[llvm-dev] Using constraint solving to support complex unspillable register classes?

James R. Byerly via llvm-dev llvm-dev at lists.llvm.org
Wed Jan 6 11:41:34 PST 2016


In the backend that I'm making for my custom architecture, I have some
registers that I want to be allocatable but not spillable. I know for a
fact that the registers can always be allocated without spilling this
class if the scheduling is done correctly - they're only used by code
inserted by my backend, and each insertion defines and kills them.

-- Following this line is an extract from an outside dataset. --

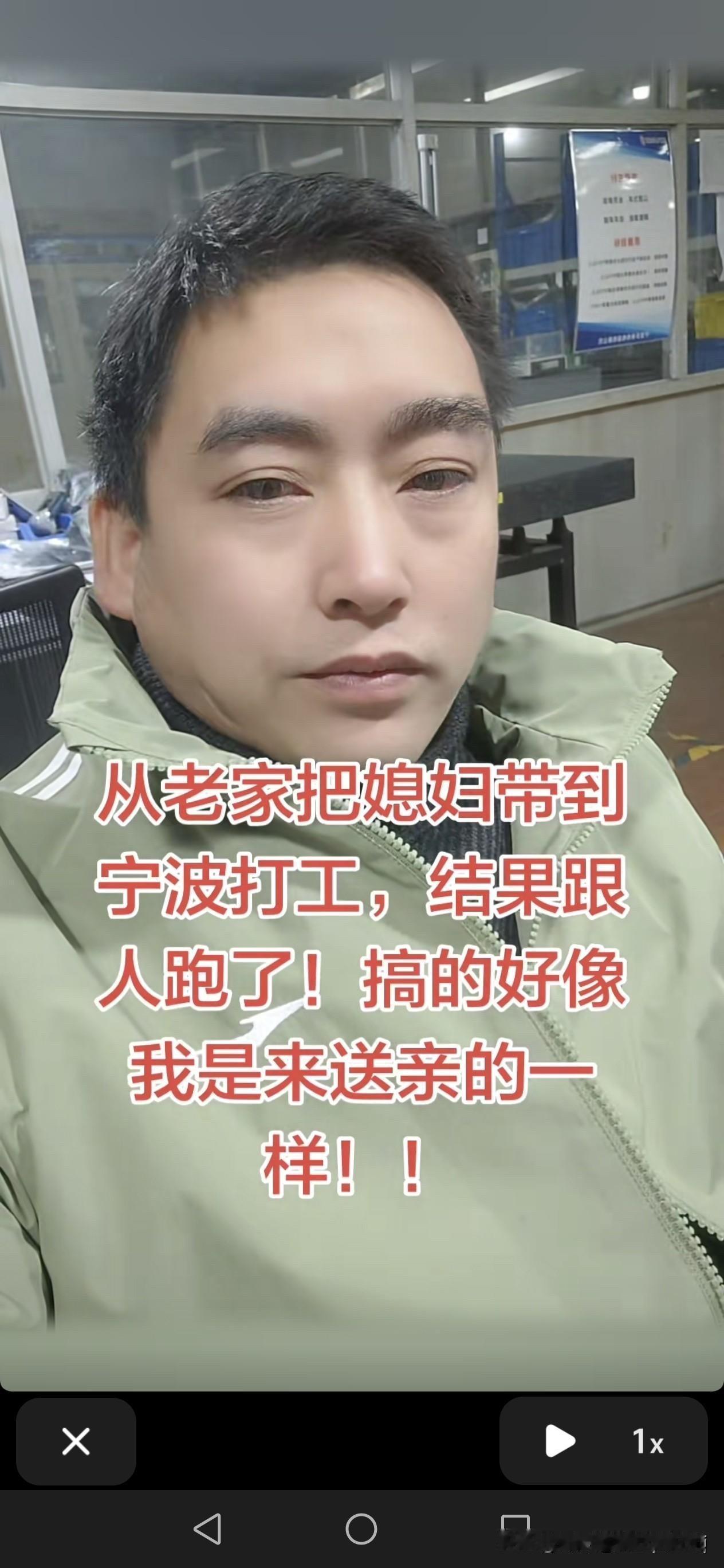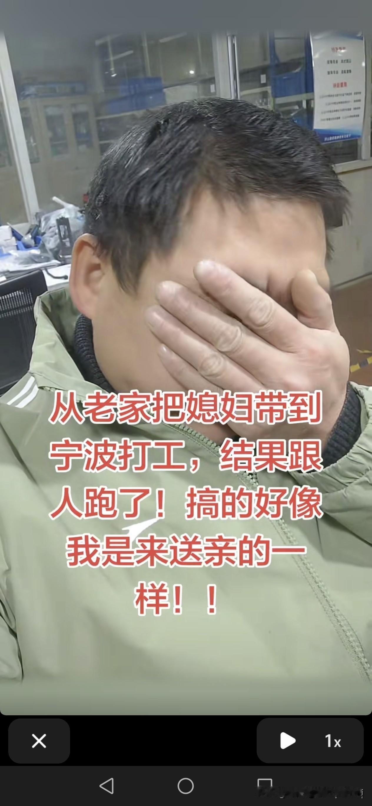 从老家把媳妇带到宁波打工,结果跟人跑了,搞得好像我是来送亲的一样…… 一个人在外工作太孤单了,本想回家把媳妇接来出来一起工作那样两个人就不孤单了,刚到这边排到一起上班还没几天,就给别人跑了,搞得好像是来送亲似的。 兄弟别哭,反过来想想就好了,别人的老婆跟了你这么多年。 帅哥,现在很难,给老婆放在家的吧偷人,带在一起打工,看到有钱的帅哥,又跟别人跑了,难搞呀! 放在家里被别人惦记,拴在身边还是和别人跑了,早知道就不结婚了[捂脸][捂脸][捂脸]

My architecture has several ALUs, which I've exposed using a few special
instructions along with one super-register per ALU. For example, in my
architecture, something like an 'add' is 4 completely separate
instructions:
set_alu_in1 aluA, R1
set_alu_in2, aluA, R2
add aluA
get_alu_out R3, aluA

Unfortunately, once scheduling is enabled, these instructions may be
interleaved such that spilling parts of the ALU registers is required
(which causes a failure when attempting to store it to the stack).

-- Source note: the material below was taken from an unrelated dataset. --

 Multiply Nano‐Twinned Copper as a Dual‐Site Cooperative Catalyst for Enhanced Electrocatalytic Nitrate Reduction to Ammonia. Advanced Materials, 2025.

Currently, I have a custom machine scheduler strategy that schedules
bottom-up and picks the 'best' instruction that keeps the register
pressure of the unspillable class from rising past the limit. This is
simple enough right now, because I have each alu super-register as a
completely distinct entity.

I'd like to make my alu registers overlap, so that aluA.out is the same
register as aluC.in1 and aluB.out is the same register as aluC.in2, for
example. However, my current simple machine scheduler wouldn't handle this
properly, because it only deals with register classes and doesn't
generalize easily.

The real goal of my scheduler is to pick the "best" instruction that still
allows for register allocation to succeed, so an obvious direction to go
is towards doing some of the work that the register allocator does. After
some reading up on register allocation theory and practice, it seems like
PBQP is the best approach for "irregular" architectures like I'm trying to
make. In fact, switching to the PBQP allocator allowed me to remove a
"register pre-allocation" pass that added allocation hints to all ALU
instructions with my current non-overlapping ALU architecture.

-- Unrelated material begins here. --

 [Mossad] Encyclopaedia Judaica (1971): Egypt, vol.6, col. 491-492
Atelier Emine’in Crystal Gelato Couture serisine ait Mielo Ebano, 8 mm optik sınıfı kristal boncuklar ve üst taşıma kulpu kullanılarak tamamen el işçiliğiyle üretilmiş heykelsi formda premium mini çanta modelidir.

For the scheduling phase, I'm only interested in whether or not a solution
(with non-infinite cost) exists, so it seems like I could drop a lot of
data from the full PBQP solver - I only need binary weights (zero or
infinite), and I can leave out all nodes that don't include any
unspillable registers.

Is using a PBQP model and solver the best way to solve this? It seems like
it should be a simpler problem than normal register allocation if the
choice of spilling is removed. After reading up on constraint solving a
little, it seems to me that without a special spill class, the assignments
could be expressed using a horn formula, and horn satisfiability can be
determined in linear time (to the number of symbols, which would be equal
to the sum of valid choices for each register). Would that be a better
way?

Any feedback on solving this constraint problem to allow scheduling with
complicated unspillable register is appreciated.